### SOURCE DATA
%%

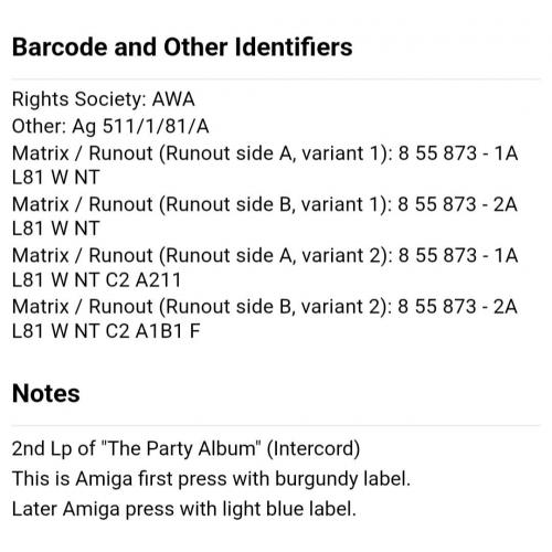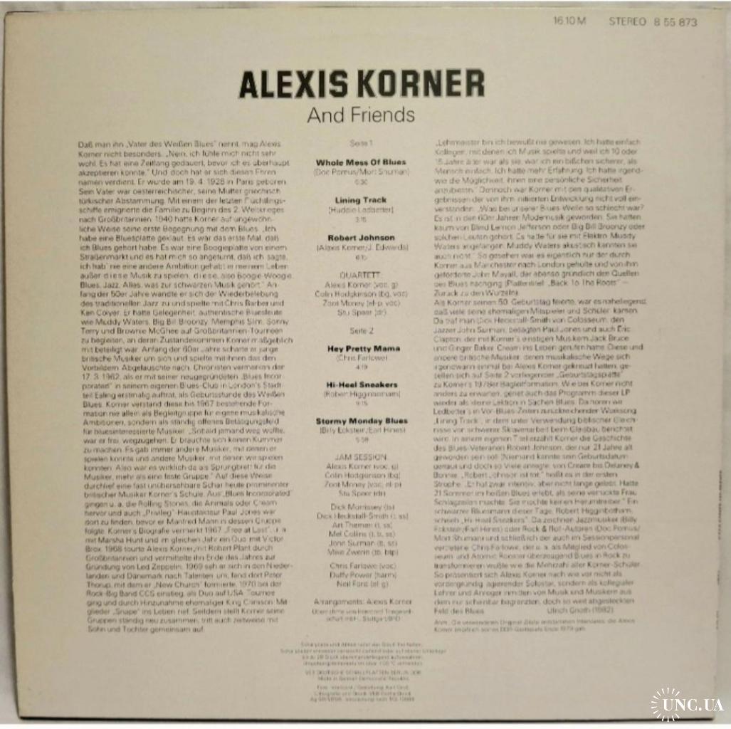 Вінілова платівка. Двадцять четвертий, в дискографії, студійний альбом (скорочена версія) Британського блюз-рок музиканта, Французького походження, покійного вже, Алексіса Ендрю Ніколаса Корнер (The Party Album. Alexis Korner And Friends) 1979. Випуск фірми (Amiga) GDR, 1982-ий рік. Оригінальне, Німецьке видання. Стан платівки ЕХ+. Стан конверту ЕХ+. Відправка по Україні службами доставки: Нова Пошта, Укр Пошта, Делівері. Також відправляємо посилки за кордон по цілому світу.
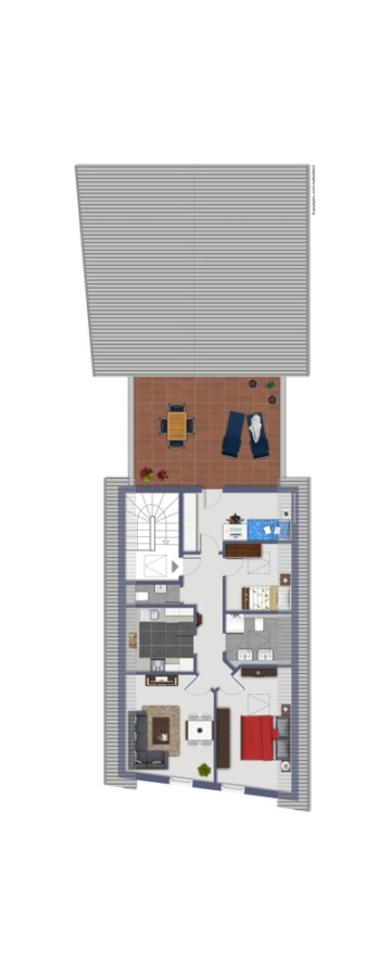 4 Zimmer, Küche, Bad, Gäste WC und eine große Dachterrasse. Ca. 75 m² Wohnfläche – für 660 Euro Nettokaltmiete vermietet.
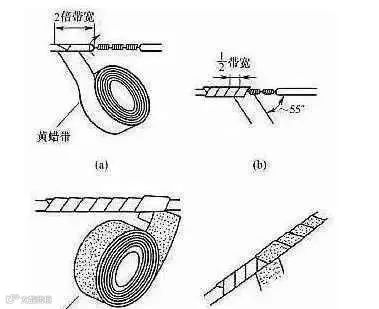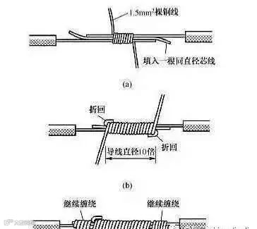 首先把2导线的芯线重叠处填入1根相同直径的芯线,之后用1根截面约1.5平方的裸铜线在其上紧密缠绕,缠绕长度为导线直径的10倍左右为宜。
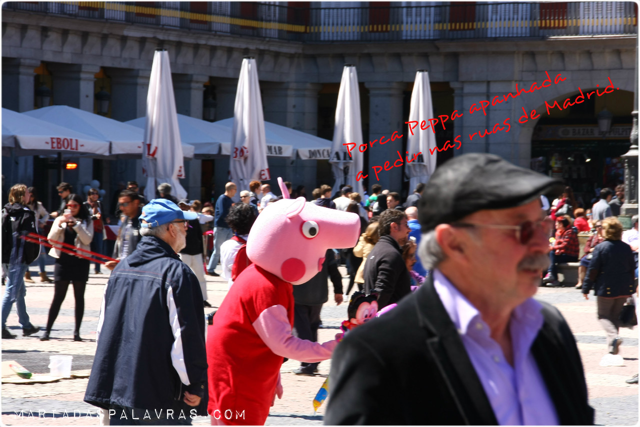 Antes de irmos para o estádio ainda passámos à Plaza Mayor que é mesmo ao lado do Mercado de San Miguel (já vos disse que em Madrid é tudo a um passinho?) onde comecei a ver os dois fenómenos pedincheiros mais frequentes da cidade: gente mascarada de personagens da Disney e afins - a sério, vi Minnies, porcas Peppas e o diabo a quatro, e homens-estátua de versão evoluída em posições em que o homem fica de lado suspenso no ar (que é como quem diz, que dá ainda menos trabalho que os homens-estátua comuns que têm de estar em pé e não deitados num suporte rígido). Vejam a galeria de fotos da Plaza Mayor e da zona da Ópera onde apanhámos o metro a seguir para ir para o estádio.

%%

### EXERCISE
The listing above must be given again exactly, minus its pictures.

### REPLY TO THE TASK
 Вінілова платівка. Двадцять четвертий, в дискографії, студійний альбом (скорочена версія) Британського блюз-рок музиканта, Французького походження, покійного вже, Алексіса Ендрю Ніколаса Корнер (The Party Album. Alexis Korner And Friends) 1979. Випуск фірми (Amiga) GDR, 1982-ий рік. Оригінальне, Німецьке видання. Стан платівки ЕХ+. Стан конверту ЕХ+. Відправка по Україні службами доставки: Нова Пошта, Укр Пошта, Делівері. Також відправляємо посилки за кордон по цілому світу.
 4 Zimmer, Küche, Bad, Gäste WC und eine große Dachterrasse. Ca. 75 m² Wohnfläche – für 660 Euro Nettokaltmiete vermietet.
 首先把2导线的芯线重叠处填入1根相同直径的芯线,之后用1根截面约1.5平方的裸铜线在其上紧密缠绕,缠绕长度为导线直径的10倍左右为宜。
 Antes de irmos para o estádio ainda passámos à Plaza Mayor que é mesmo ao lado do Mercado de San Miguel (já vos disse que em Madrid é tudo a um passinho?) onde comecei a ver os dois fenómenos pedincheiros mais frequentes da cidade: gente mascarada de personagens da Disney e afins - a sério, vi Minnies, porcas Peppas e o diabo a quatro, e homens-estátua de versão evoluída em posições em que o homem fica de lado suspenso no ar (que é como quem diz, que dá ainda menos trabalho que os homens-estátua comuns que têm de estar em pé e não deitados num suporte rígido). Vejam a galeria de fotos da Plaza Mayor e da zona da Ópera onde apanhámos o metro a seguir para ir para o estádio.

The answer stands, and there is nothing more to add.